■ **Information shown**

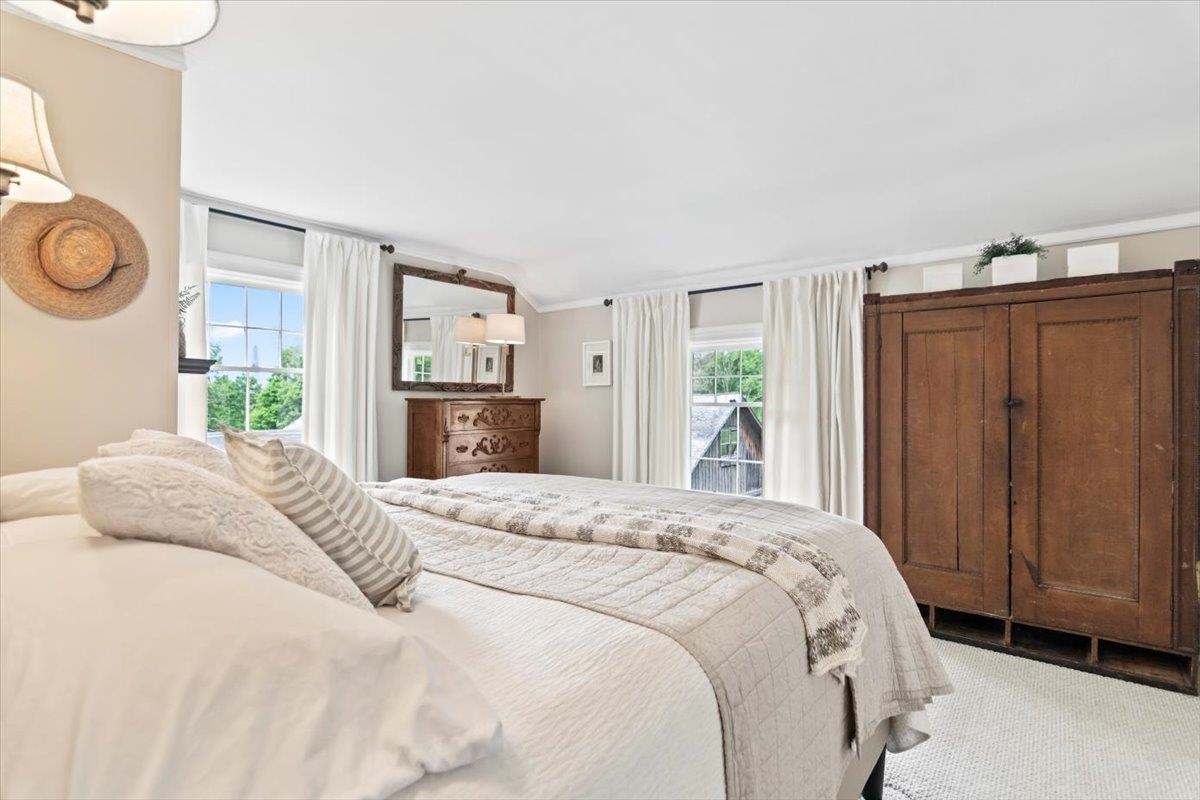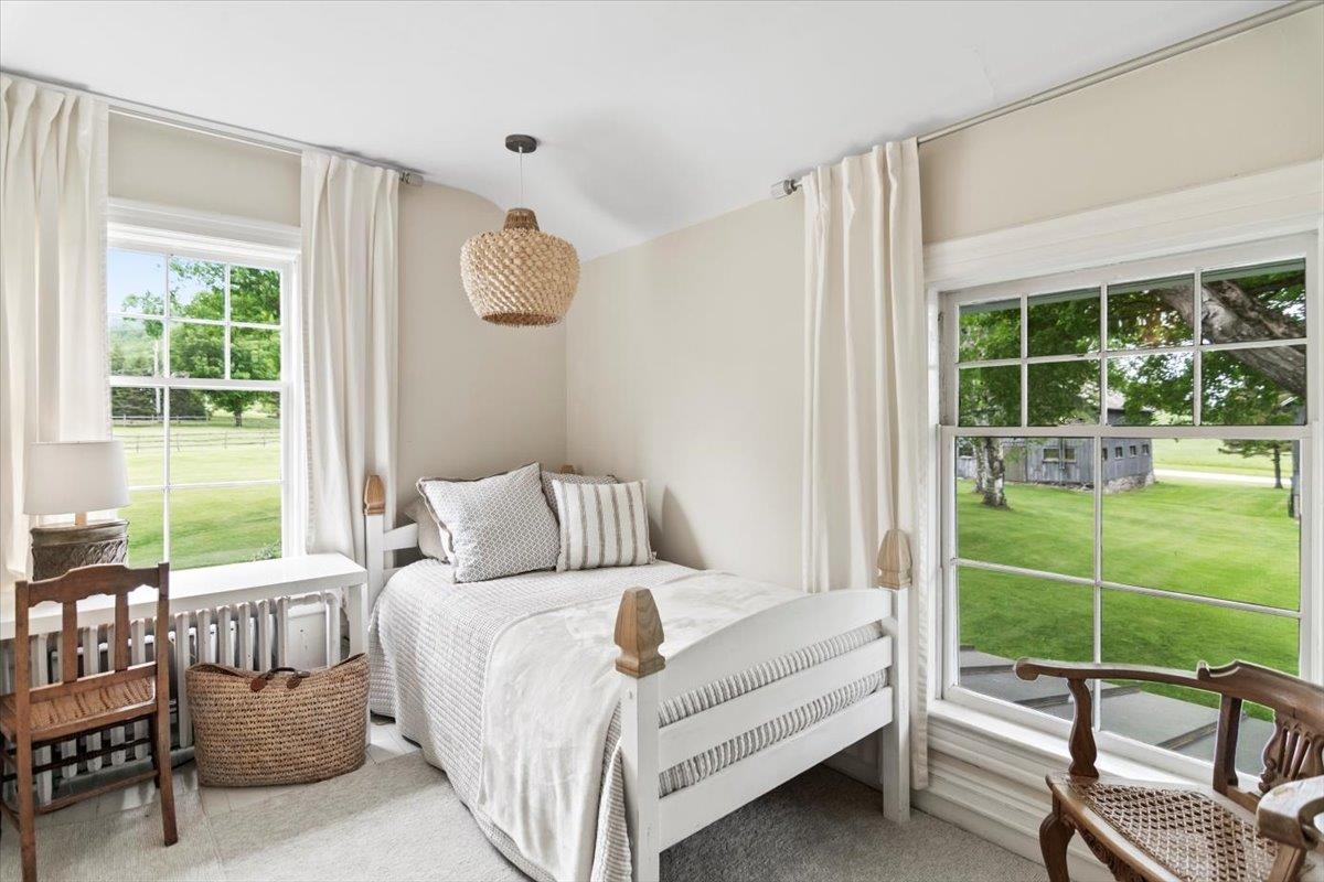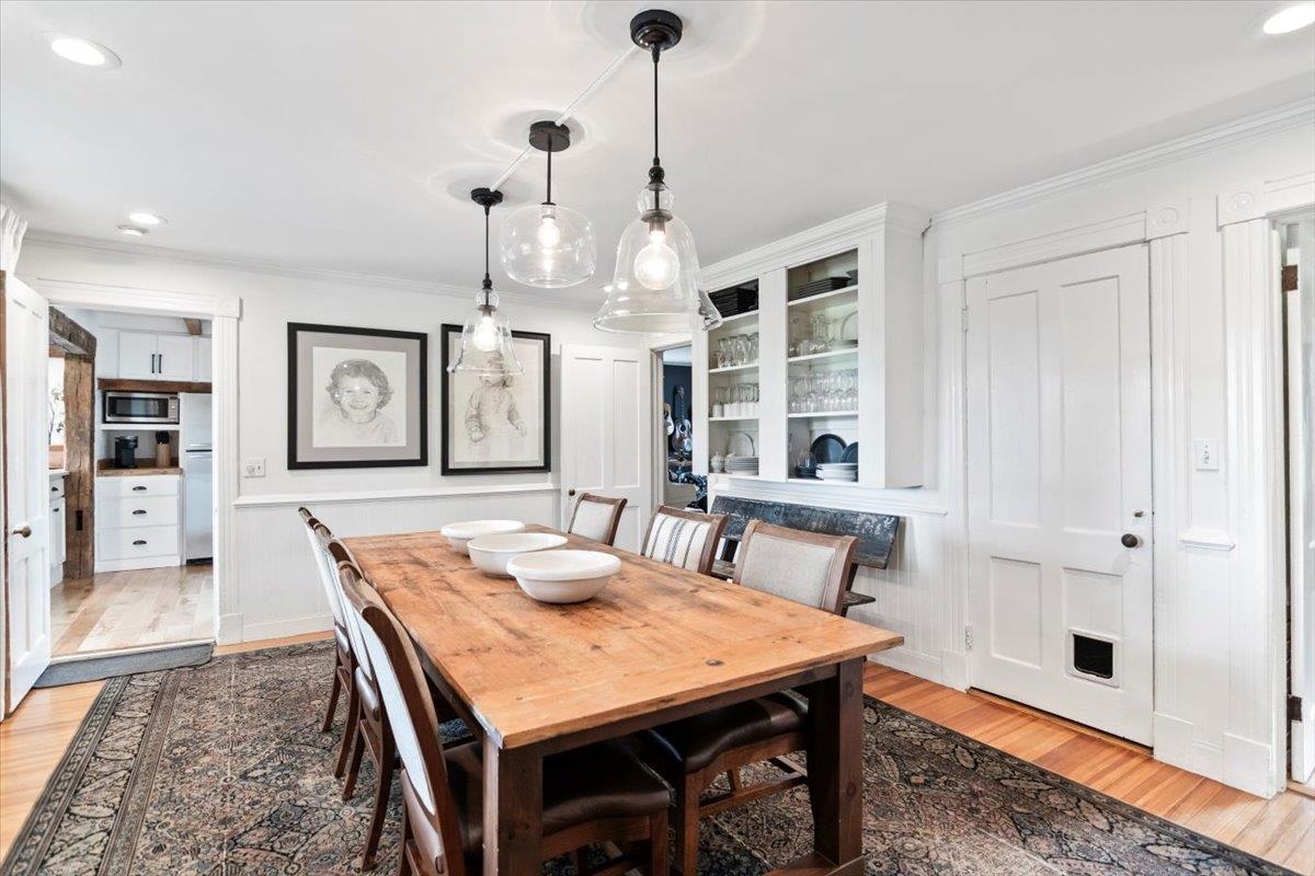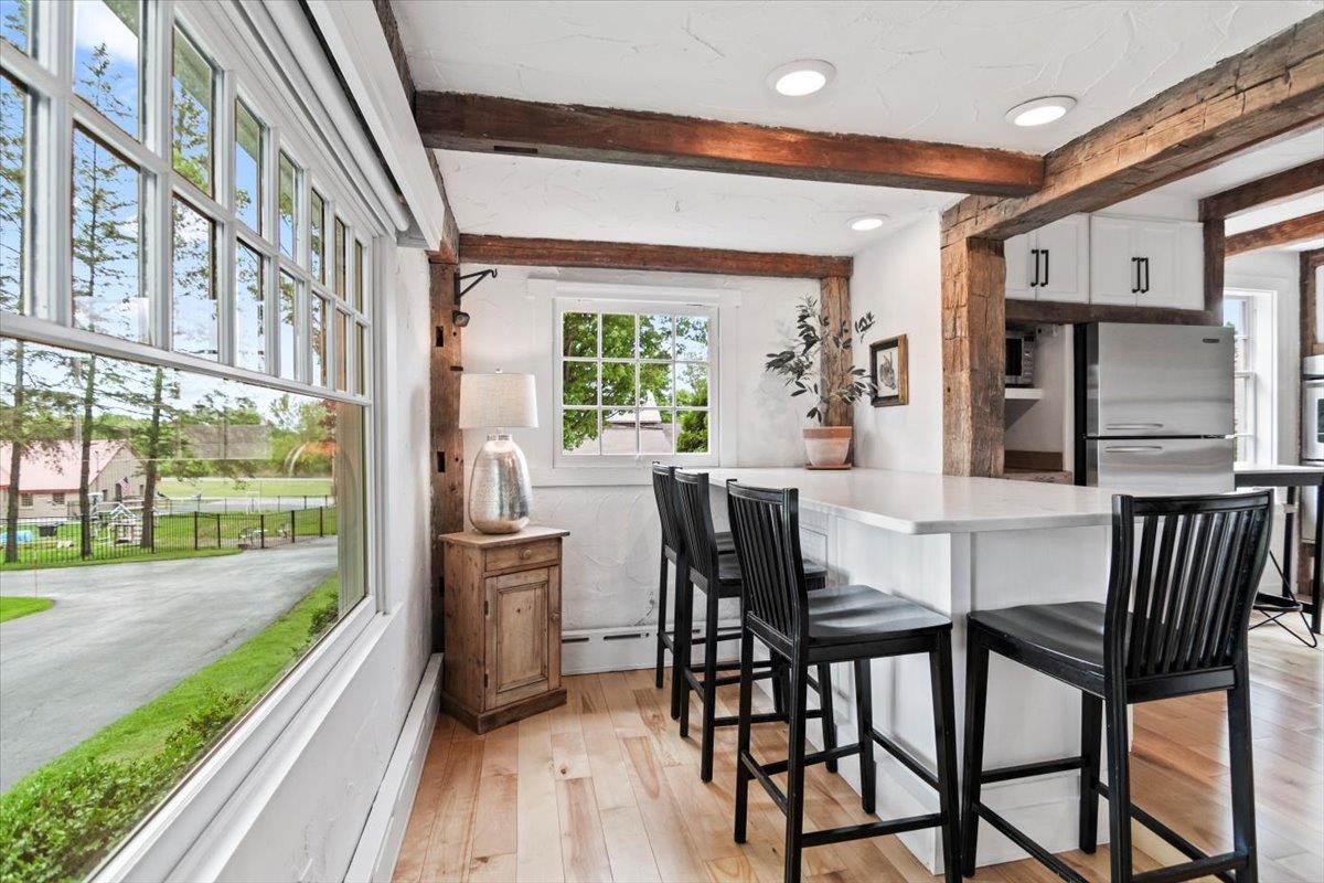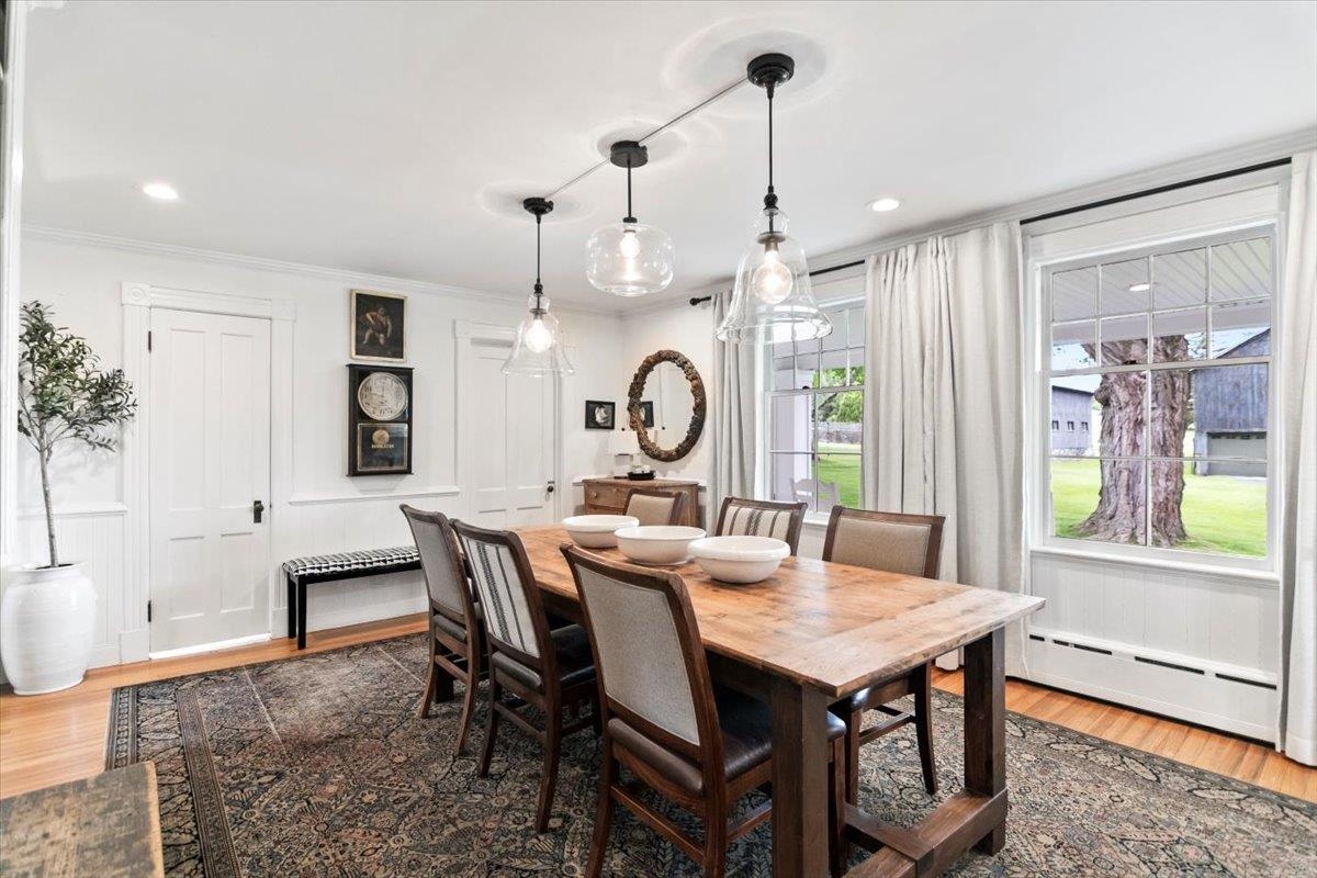 Welcome to this stunning 1850s home, perfectly sited on 2.72 acres with breathtaking mountain views. With 5 bedrooms, 2 full baths, and over three decades of loving ownership, this property offers the perfect blend of historic charm and modern updates in a peaceful, scenic setting. Inside, you'll find spacious, light-filled rooms enhanced by large windows and a calming palette of neutral colors throughout. The main level boasts beautiful hardwood floors, a formal living room, and an elegant dining room -ideal for entertaining or family gatherings. The updated kitchen is both functional and stylish, complemented by a large island. The cozy family room features a gas fireplace and a stunning bay window that frames the natural beauty outside, making it a perfect space to relax year-round. Step out onto the architect-designed covered porch and take in the mountain views-it’s a tranquil retreat like no other. Outbuildings include a former four-stall horse barn, now used as excellent storage, and a second barn that has been transformed into a four-car garage with additional storage above -perfect for hobbies, vehicles, or workshop space. This rare property offers historic charm, modern comfort, and unbeatable views-an exceptional opportunity for those seeking space, serenity, and timeless New England character.
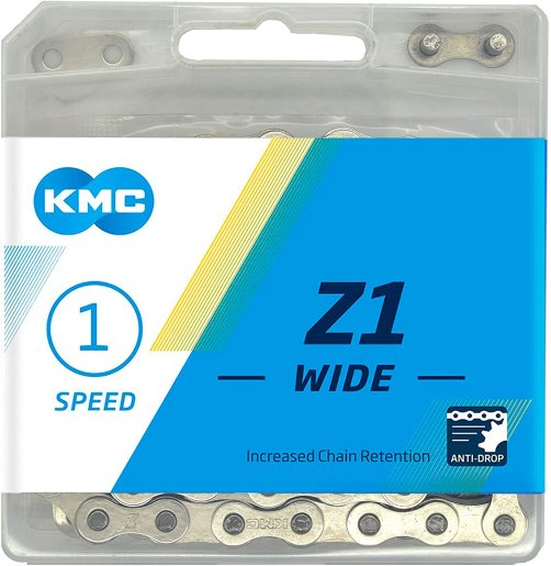 Lanac KMC Z1 Wide Silver namijenjen za pogonske sustave s jednom brzinom (single speed/BMX/fixie).
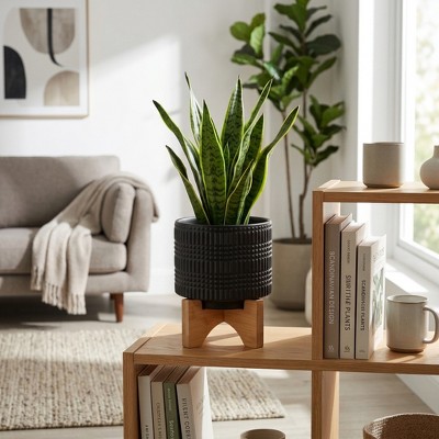 Geared Ceramic Indoor Outdoor Planter Pot Charcoal - Threshold™
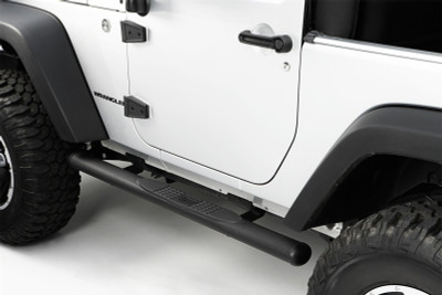 Complete the look with a set of Rugged Ridge tubular tough duty side steps. Available in 3-Inch round, 4-Inch round, and 4.25-Inch oval diameter sizes. The large 4.25-Inch oval and 4-Inch round tubes provide a much cleaner look and are not dwarfed by oversized tires and oversized body style features of the tubing polished to a mirror finish. The polishing process for Rugged Ridge step is longer and deeper pulling out the deepest shine from the steel. A true deep polish! Rugged Ridge painted steel Tube Steps feature special E-coated, .07 inch wall steel that is thick source powder coated for a tough chip resistant finish. The special E-coat undercoating provides double rust protection as it bonds to the metal creating a protective layer found nowhere else. All Rugged Ridge Tube steps feature a truly custom fit with installation brackets constructed of durable 3/17 inch powder coated steel for long life and years of flex-free use. Each Tube Step Features special UV treated no-slip step pads with 5 mounting pins. These step pads are preinstalled on top of the tube, no exposed metal to rust. Side steps carry a 300lb max weight limit.

■ **Work instruction**
An exact, word-for-word version of the material is required, free of pictures.

■ **Solution**
 Welcome to this stunning 1850s home, perfectly sited on 2.72 acres with breathtaking mountain views. With 5 bedrooms, 2 full baths, and over three decades of loving ownership, this property offers the perfect blend of historic charm and modern updates in a peaceful, scenic setting. Inside, you'll find spacious, light-filled rooms enhanced by large windows and a calming palette of neutral colors throughout. The main level boasts beautiful hardwood floors, a formal living room, and an elegant dining room -ideal for entertaining or family gatherings. The updated kitchen is both functional and stylish, complemented by a large island. The cozy family room features a gas fireplace and a stunning bay window that frames the natural beauty outside, making it a perfect space to relax year-round. Step out onto the architect-designed covered porch and take in the mountain views-it’s a tranquil retreat like no other. Outbuildings include a former four-stall horse barn, now used as excellent storage, and a second barn that has been transformed into a four-car garage with additional storage above -perfect for hobbies, vehicles, or workshop space. This rare property offers historic charm, modern comfort, and unbeatable views-an exceptional opportunity for those seeking space, serenity, and timeless New England character.
 Lanac KMC Z1 Wide Silver namijenjen za pogonske sustave s jednom brzinom (single speed/BMX/fixie).
 Geared Ceramic Indoor Outdoor Planter Pot Charcoal - Threshold™
 Complete the look with a set of Rugged Ridge tubular tough duty side steps. Available in 3-Inch round, 4-Inch round, and 4.25-Inch oval diameter sizes. The large 4.25-Inch oval and 4-Inch round tubes provide a much cleaner look and are not dwarfed by oversized tires and oversized body style features of the tubing polished to a mirror finish. The polishing process for Rugged Ridge step is longer and deeper pulling out the deepest shine from the steel. A true deep polish! Rugged Ridge painted steel Tube Steps feature special E-coated, .07 inch wall steel that is thick source powder coated for a tough chip resistant finish. The special E-coat undercoating provides double rust protection as it bonds to the metal creating a protective layer found nowhere else. All Rugged Ridge Tube steps feature a truly custom fit with installation brackets constructed of durable 3/17 inch powder coated steel for long life and years of flex-free use. Each Tube Step Features special UV treated no-slip step pads with 5 mounting pins. These step pads are preinstalled on top of the tube, no exposed metal to rust. Side steps carry a 300lb max weight limit.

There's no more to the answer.